[Saved data entries]
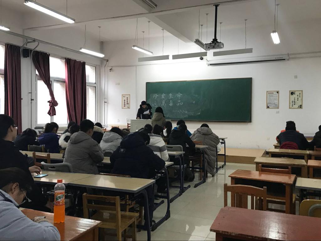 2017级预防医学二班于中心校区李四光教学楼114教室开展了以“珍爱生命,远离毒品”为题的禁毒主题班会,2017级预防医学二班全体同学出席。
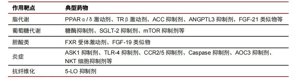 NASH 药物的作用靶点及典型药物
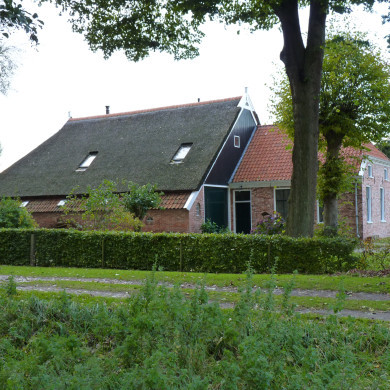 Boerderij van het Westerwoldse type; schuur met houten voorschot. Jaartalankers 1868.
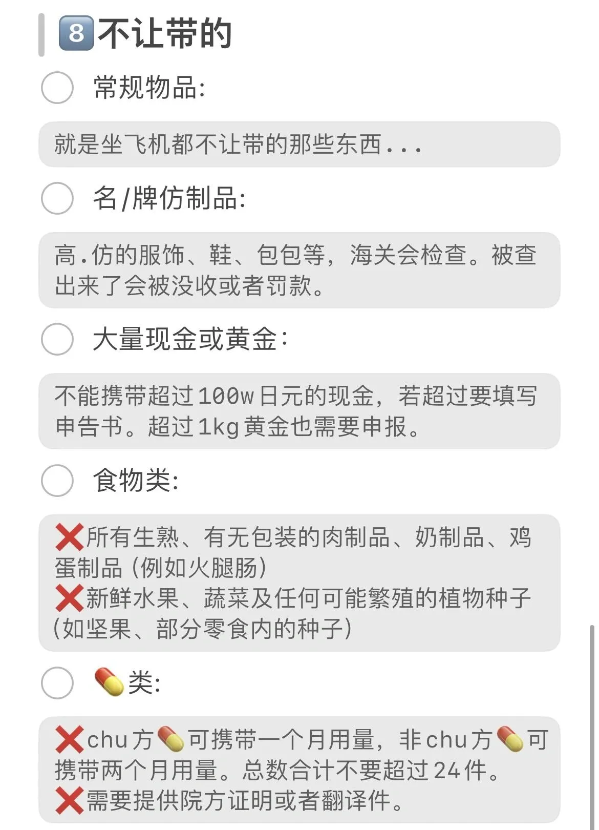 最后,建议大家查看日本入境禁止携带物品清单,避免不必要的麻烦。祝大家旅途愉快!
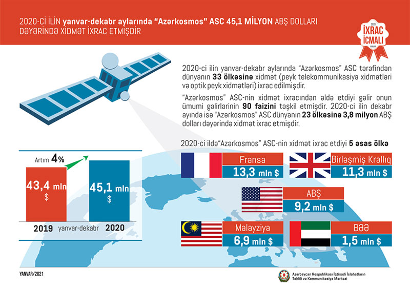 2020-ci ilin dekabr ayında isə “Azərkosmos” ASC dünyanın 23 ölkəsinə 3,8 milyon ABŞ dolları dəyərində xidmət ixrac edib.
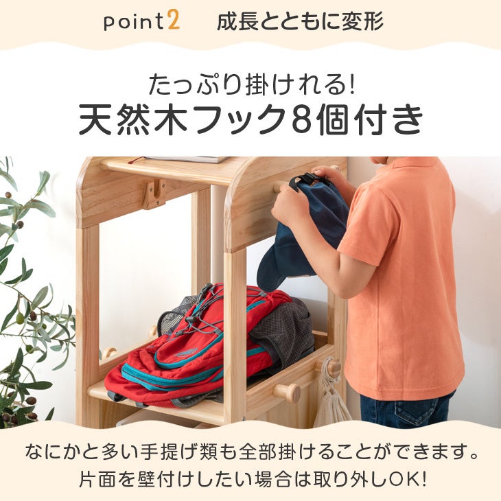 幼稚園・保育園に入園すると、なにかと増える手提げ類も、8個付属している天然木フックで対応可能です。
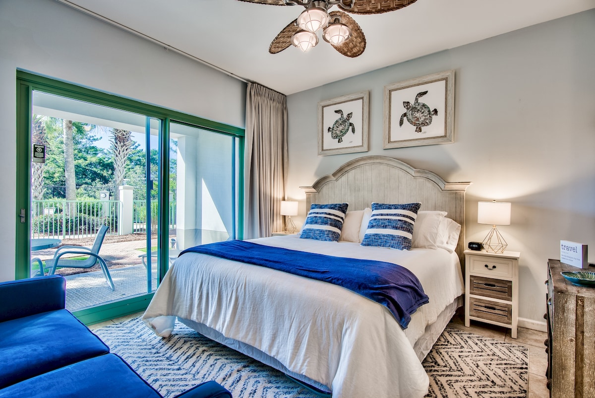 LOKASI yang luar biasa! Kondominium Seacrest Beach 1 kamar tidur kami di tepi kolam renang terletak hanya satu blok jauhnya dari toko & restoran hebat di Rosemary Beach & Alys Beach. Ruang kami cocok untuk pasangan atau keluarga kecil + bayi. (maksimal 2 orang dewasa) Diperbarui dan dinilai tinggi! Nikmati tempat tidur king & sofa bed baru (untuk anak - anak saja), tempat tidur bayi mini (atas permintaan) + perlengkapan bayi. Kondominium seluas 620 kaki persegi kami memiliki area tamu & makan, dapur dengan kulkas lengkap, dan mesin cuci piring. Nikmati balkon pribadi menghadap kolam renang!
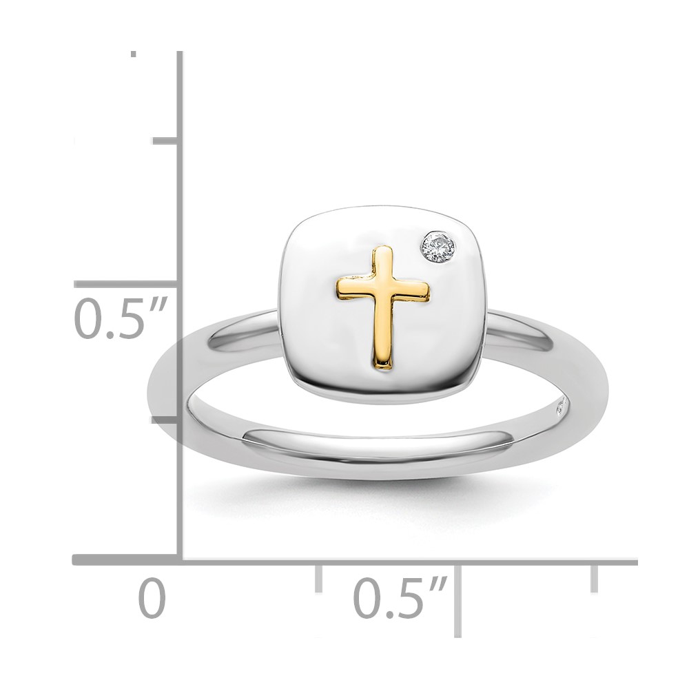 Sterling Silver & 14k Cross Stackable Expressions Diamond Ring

Task to complete | Exactly restate the lines from the one holding "LOKASI yang luar" to the final line of the records above, including both and excluding pictures.

Solution to this task |
 LOKASI yang luar biasa! Kondominium Seacrest Beach 1 kamar tidur kami di tepi kolam renang terletak hanya satu blok jauhnya dari toko & restoran hebat di Rosemary Beach & Alys Beach. Ruang kami cocok untuk pasangan atau keluarga kecil + bayi. (maksimal 2 orang dewasa) Diperbarui dan dinilai tinggi! Nikmati tempat tidur king & sofa bed baru (untuk anak - anak saja), tempat tidur bayi mini (atas permintaan) + perlengkapan bayi. Kondominium seluas 620 kaki persegi kami memiliki area tamu & makan, dapur dengan kulkas lengkap, dan mesin cuci piring. Nikmati balkon pribadi menghadap kolam renang!
 Sterling Silver & 14k Cross Stackable Expressions Diamond Ring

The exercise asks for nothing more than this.